Perhaps the most notable tool for studying communication problems is information theory, introduced by Shannon in the late 1940 s in the context of (one-way) data transmission problems [Sha48]. Shannon’s noiseless coding theorem revealed the tight connection between communication and information, namely, that the amortized description length of a random one-way message ( $M$ ) is equivalent to the amount of information it contains

\displaystyle\lim_{n\longrightarrow\infty}\frac{C(M^{n})}{n}=H(M),

(1)

where $M^{n}$ denotes $n$ i.i.d observations from $M$ , $C$ is the minimum number of bits of a string from which $M^{n}$ can be recovered (w.h.p), and $H(\cdot)$ is Shannon’s Entropy function. In the 65 years that elapsed since then, information theory has been widely applied and developed, and has become the primary mathematical tool for analyzing communication problems.

Although classical information theory provides a complete understanding of the one-way transmission setup (where only one party communicates), it does not readily convert to the interactive setup, such as the (two-party) communication complexity model. In this model, two players (Alice and Bob) receive inputs $x$ and $y$ respectively, which are jointly distributed according to some prior distribution $\mu$ , and wish to compute some function $f(x,y)$ while communicating as little as possible. To do so, they engage in a communication protocol, and are allowed to use both public and private randomness. A natural extension of Shannon’s entropy to the interactive setting is the Information Complexity of a function ${\mathsf{IC}_{\mu}(f,\varepsilon)}$ , which informally measures the average amount of information the players need to disclose each other about their inputs in order to solve $f$ with some prescribed error under the input distribution $\mu$ . From this perspective, communication complexity can be viewed as the extension of transmission problems to general tasks performed by two parties over a noiseless channel (the noisy case recently received a lot of attention as well [Bra14]). Interestingly, it turns out that an analogue of Shannon’s theorem does in fact hold for interactive computation, asserting that the amortized communication cost of computing many independent copies of any function $f$ is precisely equal to its single-copy information complexity:

Theorem 1.1 (“Information $=$ Amortized Communication”, [BR11]).

For any $\varepsilon>0$ and any two-party communication function $f(x,y)$ ,

\lim_{n\longrightarrow\infty}\frac{{\mathsf{D}_{\mu^{n}}(f^{n},\varepsilon)}}{n}={\mathsf{IC}_{\mu}(f,\varepsilon)}.

Here ${\mathsf{D}_{\mu^{n}}(f^{n},\varepsilon)}$ denotes the minimum communication required for solving $n$ independent instances of $f$ with error at most $\varepsilon$ on each copy.¹¹1Indeed, the “ $\leq$ ” direction of this proof gives a protocol with overall success only $\approx(1-\varepsilon)^{n}$ on all $n$ copies, see [BR11]. The above theorem assigns an operational meaning to information complexity, namely, one which is grounded in reality (in fact, it was recently shown that this characterization is a “sharp threshold”, see Theorem 4.8).
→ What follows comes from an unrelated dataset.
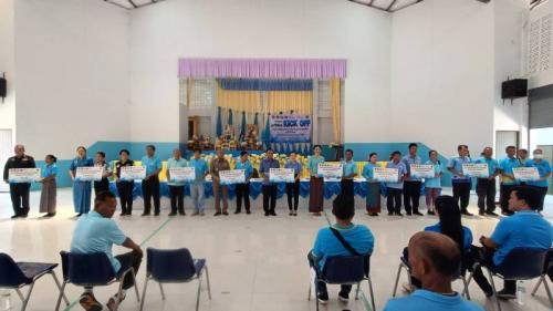 นายสุทธิโรจน์ เจริญธนะศักดิ์ นายอำเภอกาบเชิง เป็นประธานในกิจกรรม Kick Off หมู่บ้านป้องกันและแก้ไขปัญหายาเสพติดด้วยกระบวนการกองทุนแม่ของแผ่นดิน ระดับอำเภอ พร้อมด้วย สมาชิกสภาผู้แทนราษฎร เขต 8 สมาชิกสภาองค์การบริหารส่วนจังหวัดสุรินทร์ เจ้าคณะอำเภอกาบเชิง เจ้าคณะตำบลทั้ง 6 ตำบล ผู้กำกับการสถานีตำรวจภูธรกาบเชิง เกษตรอำเภอกาบเชิง ผอ.สกร. สัสดีอำเภอ หัวหน้าส่วนราชการ นายก อป. ผู้นำ อช. ประธาน กพสอ.กาบเชิง กำนัน ผู้ใหญ่บ้าน เครือข่ายกองทุนแม่ของแผ่นดินระดับอำเภอ เครือข่าย โคก หนอง นา ระดับอำเภอ หมู่บ้านเป้าหมาย 44 หมู่ บ้านพร้อมภาคีเครือข่าย 7+1 รวมทั้งสิ้น 300 คน เข้าร่วมกิจกรรม ในกิจกรรมประกอบไปด้วย การให้ความรู้เกี่ยวกับกองทุนแม่ของแผ่นดิน การประกาศวาระอำเภอกาบเชิง วิธีการจัดตั้งหมู่บ้านป้องกันและแก้ไขปัญหายาเสพติด โดยกองทุนแม่ของแผ่นดิน ตามนโยบายกระทรวงมหาดไทย การเปิดกิจกรรมฯ โดยท่านนายอำเภอกาบเชิง พิธีลงนามบันทึกความร่วมมือ (MOU) 7+1 ภาคี สนับสนุนการดำเนินงานขับเคลื่อนมาตรการป้องกันแก้ไขปัญหายาเสพติดด้วยกระบวนการกองทุนแม่ของแผ่นดิน โดยมี เจ้าคณะอำเภอกาบเชิง นายอำเภอกาบเชิง ผู้กำกับการสถานีตำรวจภูธรอำเภอกาบเชิง พัฒนาการอำเภอกาบเชิง หัวหน้าส่วนราชการ และประธานเครือข่ายกองทุนแม่ของแผ่นดินระดับอำเภอ ร่วมเป็นสักขีพยานการลงนาม MOU และการมอบป้ายหมู่บ้านป้องกันและแก้ไขปัญหายาเสพติด

Theorem 1.1 and some of the additional results mentioned in this survey, provide a strong evidence that information theory is the “right” tool for studying interactive communication problems. One general benefits of information theory in addressing communication problems is that it provides a set of simple yet powerful tools for reasoning about transmission problems and more broadly about quantifying relationships between interdependent random variables and conditional events. Tools that include mutual information, the chain rule, and the data processing inequality [CT91]. Another, arguably most important benefit, is the additivity of information complexity under composition of independent tasks (Lemma 3.1 below). This is the main reason that information theory, unlike other analytic or combinatorial methods, is apt to give exact bounds on rates and capacities (such as Shannon’s noiseless coding theorem and Theorem 1.1). It is this benefit that has been primarily used in prior works (which are beyond the scope of this survey) involving information-theoretic applications in communication complexity, circuit complexity, streaming, machine learning and privacy ([CSWY01, LS10, CKS03, BYJKS04, JKR09, BGPW13, ZDJW13, WZ14] to mention a few).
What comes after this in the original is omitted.